Reported: 2018-04-12 14:06 UTC by Yolanda Robla
Modified: 2018-05-30 13:37 UTC (History)
16 users (show)

Fixed In Version:
Doc Type: If docs needed, set a value
Doc Text:
Clone Of:
Environment:
Last Closed: 2018-05-30 13:37:54 UTC
Target Upstream Version:


Attachments (Terms of Use)
sosreport on the controller that fails (14.63 MB, application/x-xz)
2018-04-12 14:52 UTC, Yolanda Robla
no flags Details
sosreport on the compute-0 that fails (11.80 MB, application/x-xz)
2018-04-12 15:47 UTC, Yolanda Robla
no flags Details

Description Yolanda Robla 2018-04-12 14:06:48 UTC
Description of problem:

I tried deploying OSP 12 with 7.5 and it's unable to complete.
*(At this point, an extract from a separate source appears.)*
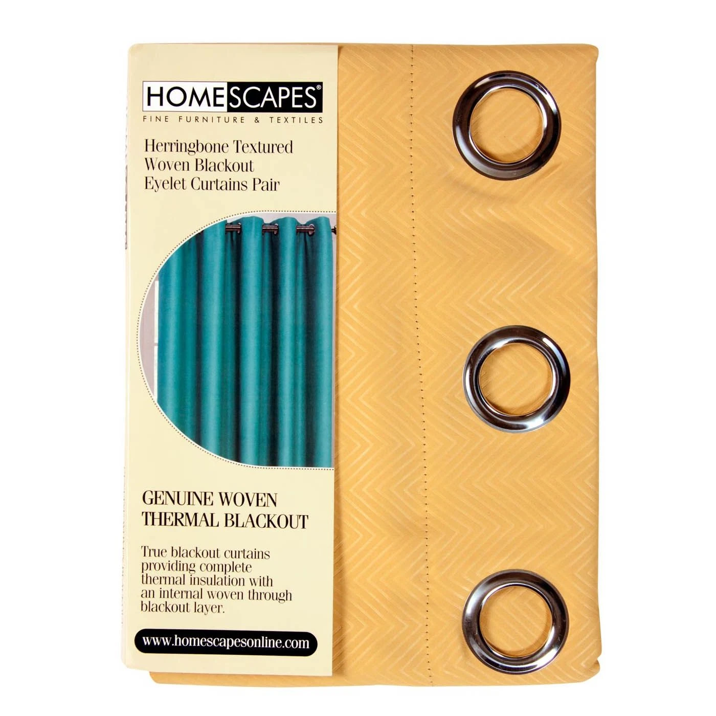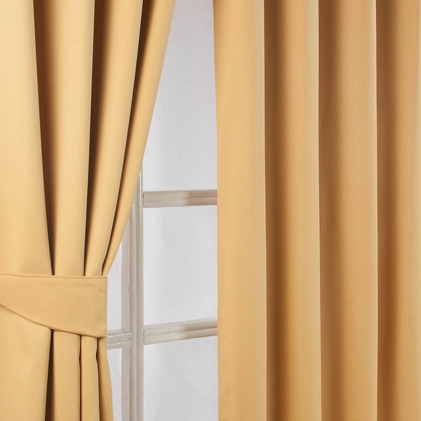 Homescapes fertig konfektionierter Verdunklungsvorhang mit Kräuselband Herringbone senfgelb – Innovation trifft Design! Die brandneue Gardinen Serie „Herringbone“ von Homescapes bietet Ihnen erstklassige Qualität und Funktionalität gepaart mit stylishem Retro Design und einer einzigartig großen Auswahl von insgesamt 9 verschiedenen Größen und 7 angesagten Farben. Homescapes‘ Verdunkelungsvorhänge sind mit Ösen oder Kräuselband erhältlich. Das schlichte Fischgräten-Design passt besonders gut in moderne oder Retro inspirierte Raumkonzepte. Zusätzlich erhalten Sie bei uns passende Kissenbezüge und Raffhalter um Ihrem Schlafzimmer oder Wohnzimmer den letzten Schliff zu verleihen. Oder peppen Sie ein Kinderzimmer oder Jugendzimmer damit auf. Sie können praktisch jeden Raum ganz nach Ihren Vorstellungen und farblich abgestimmt dekorieren. Der eingewobene Verdunklungsstoff sorgt dafür, dass die Vorhänge absolut blickdicht und lichtabweisend sind und darüber hinaus Lärm und Zugluft mindern können. So kann einer der Schals oder sogar beide Vorhänge auch als Türvorhang verwendet werden

It is failing with an error on docker:

overcloud.AllNodesDeploySteps.ComputeDeployment_Step4.0:
  resource_type: OS::Heat::StructuredDeployment
  physical_resource_id: 3d87c07c-ae48-44b6-b2f6-b47bcf6350dc
  status: CREATE_FAILED
  status_reason: |
    Error: resources[0]: Deployment to server failed: deploy_status_code : Deployment exited with non-zero status code: 2
  deploy_stdout: |
    ...
            "stderr: /usr/bin/docker-current: Error response from daemon: oci runtime error: container_linux.go:247: starting container process caused \"process_linux.go:245: running exec setns process for init caused \\\"exit status 29\\\"\".", 
            "stdout: 3297a0da1f515b589d875a21c70cbc148e5b6da8f4ae0a61576d2e963ced6776", 
            "stdout: e0f349bd96d1a30cd0135870d8dd1c7be7c724f5e1e2e850c33165e5fe5d045b"
        ]
    }
    	to retry, use: --limit @/var/lib/heat-config/heat-config-ansible/00cce50b-25c4-4ac6-85a3-7709aece00db_playbook.retry
    
    PLAY RECAP *********************************************************************
    localhost                  : ok=7    changed=2    unreachable=0    failed=1   
    
    (truncated, view all with --long)
  deploy_stderr: |

Those are my docker packages:

python-docker-pycreds-1.10.6-3.el7.noarch
python-docker-py-1.10.6-3.el7.noarch
docker-client-1.13.1-58.git87f2fab.el7.x86_64
docker-common-1.13.1-58.git87f2fab.el7.x86_64
python-heat-agent-docker-cmd-1.4.0-1.el7ost.noarch
docker-rhel-push-plugin-1.13.1-58.git87f2fab.el7.x86_64
docker-1.13.1-58.git87f2fab.el7.x86_64

Comment 1 Yolanda Robla 2018-04-12 14:52:43 UTC
Created attachment 1420875 [details]
sosreport on the controller that fails

Comment 2 Alex Schultz 2018-04-12 15:33:44 UTC
Can you please provide a full 'openstack stack failures list overcloud -f yaml'. I'm not seeing the error in the sosreport.  I'm not sure the node that failed is the node provide in the sosreport.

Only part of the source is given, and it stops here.